Thursday, March 03, 2005

enduring love

Visited the film festival at last, and it’ll be over in two days, and lots of gatherers and atmosphere, the artsy crowd I still hanker for, and women… but I was with my erstwhile, as always, mea culpa but that was fine, we were there because her daughter had tickets, or a booking, and we almost couldn’t get in because we weren’t Catherine, but we managed, though due to unexpected lifts across town and labyrinthine carparks we missed the first ten minutes or so.
Enduring Love’s a Brit film based on the Ian McEwan novel, which it follows quite closely (McEwan was executive producer). Looking for a review of the book (I mean my review), I find I didn’t write one, though I recorded that I read the book in January 1999, quite a while ago now. I do remember a few qualms about the book, reinforced by the film, or at least brought back to my consciousness by it.
The first part of the book was particularly memorable, the description of the ballooning accident, the moral dilemmas involved, the guilt, as well as the description of the body – McEwan, for all that he has ‘reformed’ clearly relishes the macabre aspects of such a death. The resultant bizarre connection between the narrator and a disturbed young man who falls in love with him was also a theme I was able to take in my stride, more or less. What I couldn’t quite accept or fathom was the narrator’s way of dealing with the stalker, and the lack of effective communication about the matter between himself and his nearest and dearest. In the film, the central character has an intensity and obsessiveness, after the initial, calmer, scenes, which makes him hard to warm to, but of course this is the point, and it’s a point that the medium of film can make more effectively than the novel. The incident with the balloon has triggered some self-questioning, has raised some serious doubts in him which have the effect of cutting him off from others, rendering him more vulnerable than ever just when the stalker makes his appearance, at first sharpening his sense of guilt and failure.
Obviously this is essentially the narrator’s story, the narrator’s journey. The actor, whose name I can’t recall, has been chosen, clearly, because of his physical resemblance to McEwan himself (though I suspect a more flatteringly muscular version), which is an effective touch. Yet I can’t help but feel that the lover/assailant, who’s so clearly not right in the head, is treated appallingly. Wouldn’t common sense guide you towards jollying him along (within limits) while immediately seeking professional assistance? I seem to remember that in the book the police were called in but that they were singularly ineffectual. In the film there’s a scene in which, after waking his girlfriend up in the middle of the night with the results of his internet research into the stalker’s peculiar mental condition, he notices that the stalker is waiting across the road from his house, in a child’s playground, in the dark, in the rain. I found this scene a little contrived, rather in a Hardyesque sense. The girlfriend, worn out by his intensity of late, is unwilling to take in his information, or to confirm the sighting of the stalker. Mighty bad luck, but surely the stalker would be there on other nights, surely there would’ve been a wealth of opportunities to point him out to her? Apparently not, and this failure of communication has enormous consequences. My erstwhile is unconvinced by my concerns, and thinks that without these accidents, these missed communications, there’d be no drama would there, no film? She’s more willing to recognise that the failure here is a failure in the central character, his preoccupation with his ‘manliness’, his worries about being overly theoretical. These have cut him off from simple communication, rendered him half-mad himself, caught in the space between action and contemplation, a la Hamlet. I’m not quite convinced though, I feel that the bloody dénouement to this particular tragedy could’ve been more easily averted. Mundane, true, but I suspect more authentic.

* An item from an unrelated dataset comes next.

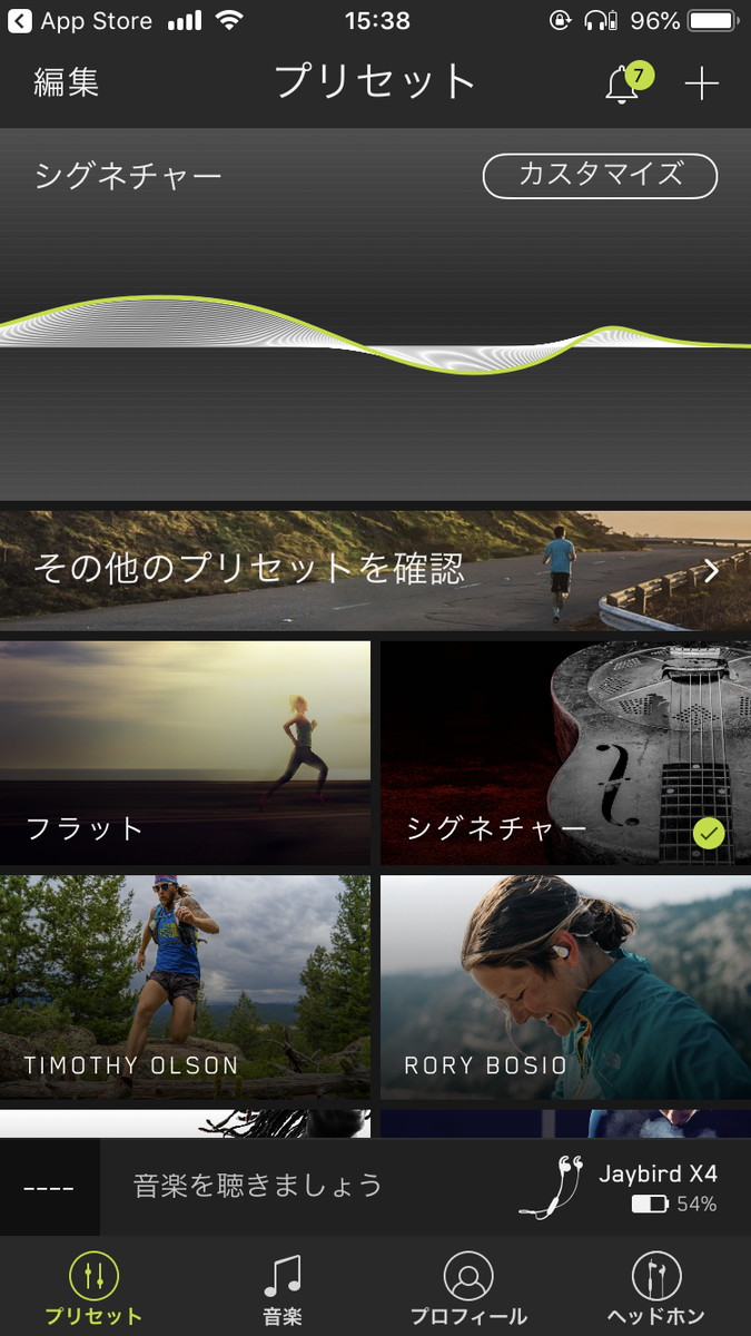 そして「X4」ユーザーに推奨したいのはアプリ「Jaybird My Sound」の活用。イコライザでサウンドのカスタムも可能です。特にオススメしたいのが過去のJaybirdのイヤホンに近い“シグネチャー”のセッティング。声もクリアで低音も気持ちよく響きます。スポーツ用イヤホンでこのサウンドなら満足感ありますよ!

Having said all that, the intensely claustrophobic nature of the story is brilliantly rendered cinematically, with close-ups, up-from-under-shots, jumpy and sometimes swimming hand-held stuff – I don’t know the technical terms. The scene in which he rushes home to find his wife entertaining the nutter is a classic example of technical variety to create overlays of panic and urgency. The performances too are solid and nuanced in typically Brit fashion. Might reread the novel now, to focus further on detail. Seem to recall that in the novel he was a science writer, with the ballooning experience leading him to hanker after real scientific activity as opposed to mere reportage. In the film he’s a lecturer, apparently on love. It was left vague, but used as a counterpoint of course. Not entirely effectively, because love isn’t really the object under investigation here. Love and madness, yes perhaps but only superficially. The nature of the nutter’s madness/love is never really questioned or considered. In the end, you could argue, blood and guts, homosexual unpleasantness and cheap drama win out. That’d be a harsh conclusion, but what we have here isn’t quite satisfactory, to my mind.